2. Probability: 200/3500 = 0.0571 ≈ 5.71% ≈ 5.7%

3. Probability: 504/2100 = 0.24 ≈ 24% (exact fraction)

4.Probability: 180/1400 = 0.1286 ≈ 12.86% ≈ 12.9% (rounded to one decimal place)

1. Salmon chooses a composite number, a cool color (G, B, I, or V), and an A:

a) Composite numbers between 1 and 100: There are 57 composite numbers in this range.

b) Cool colors (G, B, I, or V): There are 4 cool colors.

c) The letter A: There is 1 A in "INDIANA."

Total favorable outcomes: 57 (composite numbers) * 4 (cool colors) * 1 (A) = 228

Total possible outcomes: 100 (possible numbers) * 7 (possible colors) * 1 (possible letter) = 700

Probability: 228/700 = 0.3257 ≈ 32.57% ≈ 32.6% (rounded to one decimal place)

2. Federico chooses a prime number, a color starting with a vowel (E or I), and a consonant:

a) Prime numbers between 1 and 100: There are 25 prime numbers in this range.

b) Colors starting with a vowel (E or I): There are 2 colors starting with a vowel.

c) Consonants in "INDIANA": There are 4 consonants.

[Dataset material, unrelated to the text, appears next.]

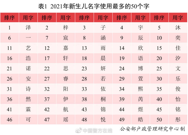2021年出生并已经进行户籍登记的新生儿名字中,使用频率最高的50个字依次为泽、梓、子、宇、沐等。与2020年相比,汐、芮、霖、航等字受到青睐。(详见表1)

Total favorable outcomes: 25 (prime numbers) * 2 (vowel colors) * 4 (consonants) = 200

Total possible outcomes: 100 (possible numbers) * 7 (possible colors) * 5 (possible letters) = 3500

Probability: 200/3500 = 0.0571 ≈ 5.71% ≈ 5.7% (rounded to one decimal place)

3. Either chooses a number divisible by 7 or 8, any color, and a vowel:

a) Numbers divisible by 7 or 8: There are 24 numbers divisible by 7 or 8 in the range of 1 to 100.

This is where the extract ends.